The content of the INFO field can be used to filter out false positives and to gain more understanding of the structure of the variant. More info is found in the vcf file. 
Merging the vcf files
=====================
I usually merge vcf files using SVDB (https://github.com/J35P312)

svdb --merge --vcf file1.vcf file2.vcf --bnd_distance 500 --overlap 0.6 > merged.vcf

Merging of vcf files could be useful for tumor-normal analysis or for analysing a pedigree. But also to combine the output of multiple callers.

Tumor normal example
===================

run the tumor sample using a lower ratio treshold (to allow for subclonal events, and to account for low purity)
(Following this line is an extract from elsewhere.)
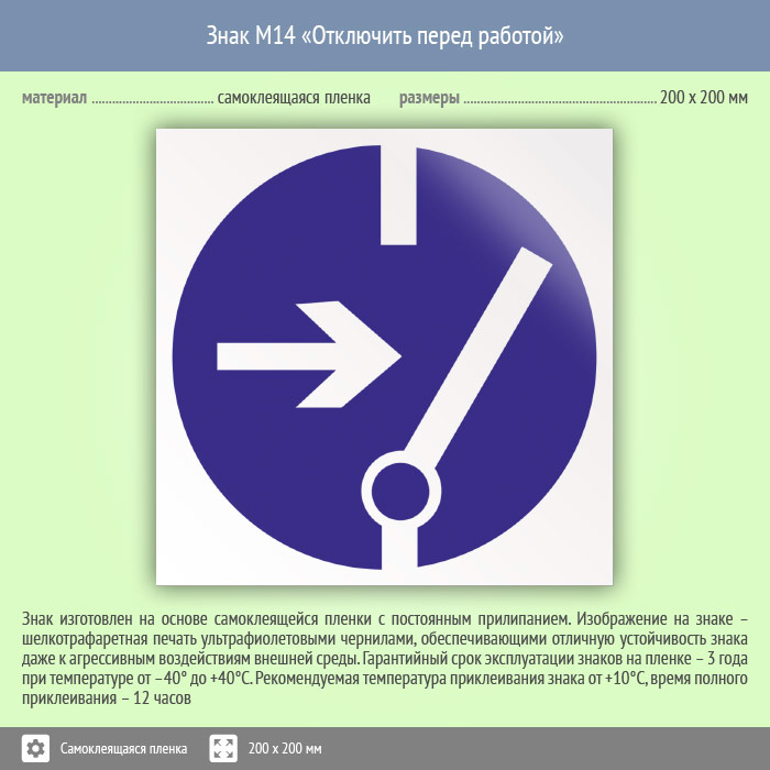 Знак «Отключить перед работой» имеет размер 200х200 мм

python TIDDIT.py --sv --p_ratio 0.10 --bam tumor.bam -o tumor --ref reference.fasta
grep -E "#|PASS" tumor.vcf > tumor.pass.vcf

run the normal sample

python TIDDIT.py --sv --bam normal.bam -o normal --ref reference.fasta
grep -E "#|PASS" normal.vcf > normal.pass.vcf

merge files:

svdb --merge --vcf tumor.pass.vcf normal.pass.vcf --bnd_distance 500 --overlap 0.6 > Tumor_normal.vcf

The output vcf should be filtered further and annotated (using a local-frequency database for instance)

Annotation
==========
genes may be annotated using vep or snpeff. NIRVANA may be used for annotating CNVs, and SVDB may be used as a frequency database

Algorithm
=========

Discordant pairs and split reads (supplementary alignments) are extracted and stored in the ".signals.tab" file. A discordant pair is any pair having a larger insert size than the  -i paramater, or a pair where the reads map to different chromosomes.
supplementary alignments and discordant pairs are only extracted if their mapping quality exceed the -q parameter.

The most recent version of TIDDIT uses an algorithm similar to DBSCAN: A cluster is formed if -l or more signals are located within the -e distance. Once a cluster is formed, more signals may be added if these signals are within the
-e distance of -l signals within a cluster.

A cluster is rejected if it contains less than -r plus -p signals. If the cluster is rejected, it will not be printed to the vcf file.

If the cluster is not rejected, it will be printed to file, even if it fails any quality filter. 

The sensitivity and precision may be controlled using the -q,r,p, and -l parameters. 

LICENSE
==============
All the tools distributed with this package are distributed under GNU General Public License version 3.0 (GPLv3).